DATA EXCERPT:
*** Begin section ***

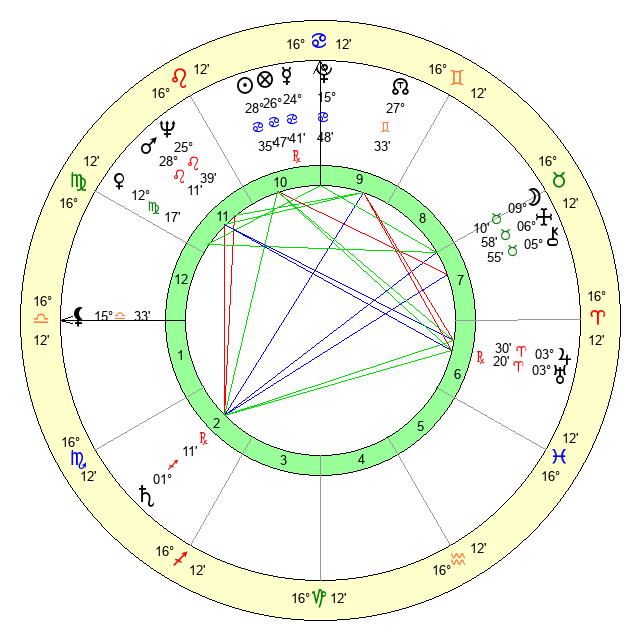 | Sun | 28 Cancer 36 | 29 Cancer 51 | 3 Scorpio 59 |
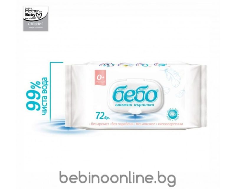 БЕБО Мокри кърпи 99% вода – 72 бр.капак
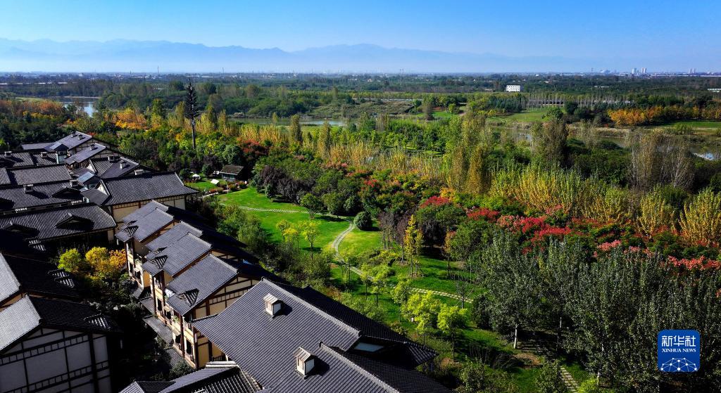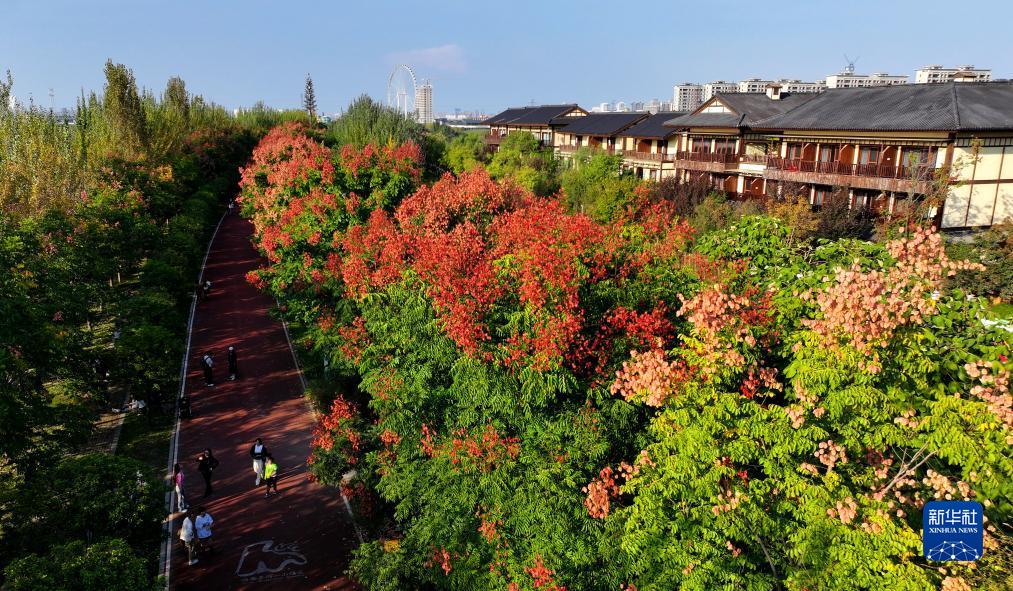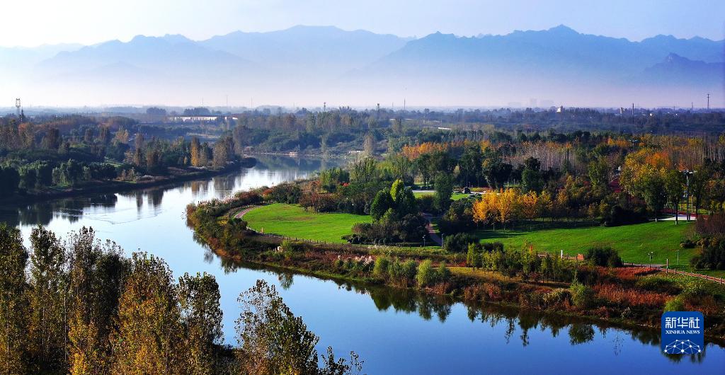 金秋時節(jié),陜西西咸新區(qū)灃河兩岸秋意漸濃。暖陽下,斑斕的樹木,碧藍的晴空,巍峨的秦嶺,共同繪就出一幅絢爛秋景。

*** End section ***

Everything in the data above, apart from the pictures, should be retyped exactly.

 | Sun | 28 Cancer 36 | 29 Cancer 51 | 3 Scorpio 59 |
 БЕБО Мокри кърпи 99% вода – 72 бр.капак
 金秋時節(jié),陜西西咸新區(qū)灃河兩岸秋意漸濃。暖陽下,斑斕的樹木,碧藍的晴空,巍峨的秦嶺,共同繪就出一幅絢爛秋景。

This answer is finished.